On PostgreSQL, I have a table item, and a table item_attribute. So an item can have multiple attributes.
table: item
id | name |
---|---|
1 | A |
2 | B |
3 | C |
table: item_attribute
id | item_id | name | value |
---|---|---|---|
1 | 1 | foo | bar |
2 | 1 | size | M |
3 | 1 | country | DE |
4 | 2 | foo | baz |
5 | 2 | size | M |
6 | 2 | country | DE |
7 | 3 | other | test |
8 | 3 | size | M |
9 | 3 | country | EN |
Now, I need to find items that match a given set of attribute name/value pairs
So, let's say I want to find items with attributes of country
with value DE
and size
with value M
the result set should be
id | name |
---|---|
1 | A |
2 | B |
if I want to find items with attributes of country
with value EN
and size
with value M
the result set should be
id | name |
---|---|
3 | C |
Any hints here?
CodePudding user response:
Using an aggregation approach we can try:
SELECT i.id, i.name
FROM item i
INNER JOIN item_attribute ia
ON ia.item_id = i.id
GROUP BY i.id, i.name
HAVING COUNT(*) FILTER (WHERE ia.name = 'country' AND ia.value = 'DE') > 0 AND
COUNT(*) FILTER (WHERE ia.name = 'size' AND ia.value = 'M') > 0;
The above uses conditional aggregation to find items from Germnay in medium size.

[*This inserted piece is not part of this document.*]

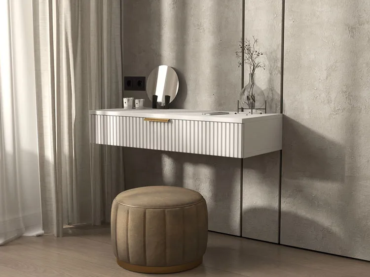 Toaletka wisząca Soberi marki Edinos Premium jest mistrzowskim połączeniem minimalizmu i elegancji, które składają się na jej spektakularny design. Choć forma toaletki skupia się na prostocie, to dzięki ryflowanemu frontowi i detalom prezentuje się niezwykle efektownie. Jest idealnym wyborem do nowoczesnej sypialni, w której stworzy kameralną oazę kobiecego piękna i stanie się jej dekoracją!

CodePudding user response:
You can find the intersection between all "item_id"s that satisfy your conditions inside the "item_attribute" table, then match the corresponding value inside the "item" table.
WITH filtered_ids AS (
SELECT item_id FROM item_attribute WHERE name = 'country' AND value = 'DE'
INTERSECT
SELECT item_id FROM item_attribute WHERE name = 'size' AND value = 'M'
)
SELECT *
FROM item
WHERE id IN (SELECT * FROM filtered_ids)
You can stack as many conditions as you want inside the "filtered_ids" cte.
Check the demo here.
CodePudding user response:
One option is to aggregate the attributes into a JSON value and use the quite powerful JSON operators to find the items
select itm.*
from item itm
where exists (select null
from item_attribute att
where att.item_id = itm.id
group by item_id
having jsonb_object_agg(name, value) @> '{"country": "DE", "size": "M"}'
)
I am not not sure if this is faster or slower than the traditional approach with counting (see Tim Biegeleisen's answer). It is a bit more flexible though.
Depending on the data distribution, doing the aggregation once for all items might be faster:
select itm.*
from item itm
join (
select item_id, jsonb_object_agg(name, value) as attributes
from item_attribute att
group by item_id
having jsonb_object_agg(name, value) @> '{"country": "DE", "size": "M"}'
) atr on atr.item_id = itm.id
This also enables to display all attributes (as JSON) in a column of the result.